## What you should do
Every line below is to be given again precisely; images are to be left out.

## Information provided
════════════════════

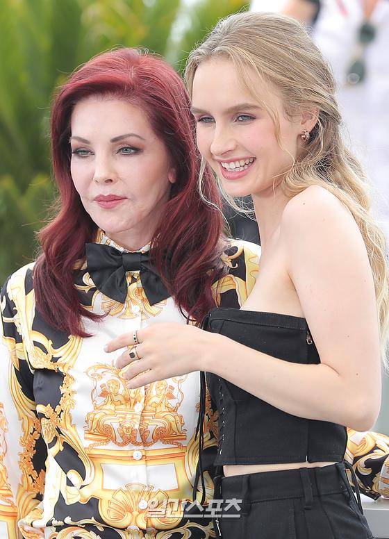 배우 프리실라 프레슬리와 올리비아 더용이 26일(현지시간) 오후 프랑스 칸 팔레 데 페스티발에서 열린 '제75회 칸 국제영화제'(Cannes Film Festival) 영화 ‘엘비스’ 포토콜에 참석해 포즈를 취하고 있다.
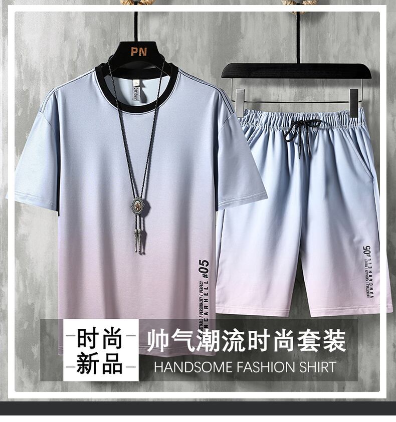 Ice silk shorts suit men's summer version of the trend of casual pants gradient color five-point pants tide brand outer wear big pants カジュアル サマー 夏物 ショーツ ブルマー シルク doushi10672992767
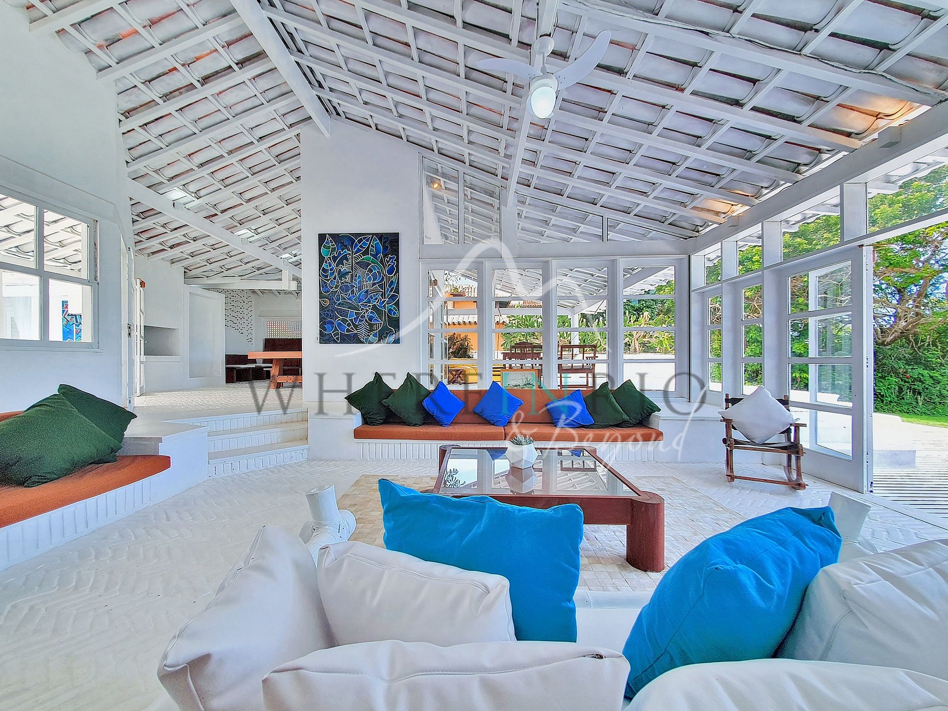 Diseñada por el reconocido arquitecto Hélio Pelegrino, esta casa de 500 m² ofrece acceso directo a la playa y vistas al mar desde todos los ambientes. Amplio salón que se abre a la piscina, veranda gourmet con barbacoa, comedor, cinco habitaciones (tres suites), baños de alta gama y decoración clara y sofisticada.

════════════════════

## Response area
 배우 프리실라 프레슬리와 올리비아 더용이 26일(현지시간) 오후 프랑스 칸 팔레 데 페스티발에서 열린 '제75회 칸 국제영화제'(Cannes Film Festival) 영화 ‘엘비스’ 포토콜에 참석해 포즈를 취하고 있다.
 Ice silk shorts suit men's summer version of the trend of casual pants gradient color five-point pants tide brand outer wear big pants カジュアル サマー 夏物 ショーツ ブルマー シルク doushi10672992767
 Diseñada por el reconocido arquitecto Hélio Pelegrino, esta casa de 500 m² ofrece acceso directo a la playa y vistas al mar desde todos los ambientes. Amplio salón que se abre a la piscina, veranda gourmet con barbacoa, comedor, cinco habitaciones (tres suites), baños de alta gama y decoración clara y sofisticada.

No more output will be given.